Tuesday, November 18, 2008

"Meh" chosen for 30th anniversary of Collins English Dictionary

Kids, next time when your English teacher scolds you for using the Singlish word "meh" in class, tell him this: "You don't know meh? Meh is in the Collins dictionary liao!" From Times:
“Meh” started out in the US and Canada as an interjection signifying mediocrity or indifference and has evolved, via the internet and an episode of The Simpsons, into a common adjective meaning boring, apathetic or unimpressive in British English.

The word was chosen over hundreds of others nominated by the public for inclusion in the 30th anniversary edition of the dictionary, to be published next year. Jargonaut, frenemy and huggles were among entries suggested to the Word of Mouth campaign, run in conjunction with Waterstone’s. The panel that made the final selection chose meh because of its frequent use today.
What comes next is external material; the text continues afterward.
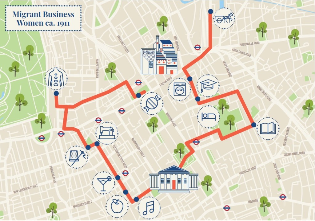 This walk traces the presence of migrant women who ran their own business in 1911. They represent only a small number of the many women born abroad who came to London and contributed to the capital’s economy. The women featured on this walk came from diverse backgrounds and engaged in various businesses of different sizes. We know their presence at these locations, where they were born, and what they did through their records in the 1911 census. This walk tells some of their stories.

Meh was submitted by Erin Whyte, from Nottingham, who defined it as “an expression of utter boredom or an indication of how little you care for an idea”. The dictionary will say that meh can be used as an interjection to suggest indifference or boredom – or as an adjective to say something is mediocre or a person is unimpressed.

4 comments:

Anonymous said...

I like Collins Dictionary!

Yan said...

"The dictionary will say that meh can be used as an interjection to suggest indifference or boredom – or as an adjective to say something is mediocre or a person is unimpressed"

Hmmm. I'm so umimpressed with MEH as an English word.

Sir Thomas said...

I fear for the future of the English language.

lost said...

that definition isn't the same as the singlish usage, though, so technically your english teacher can still scold you.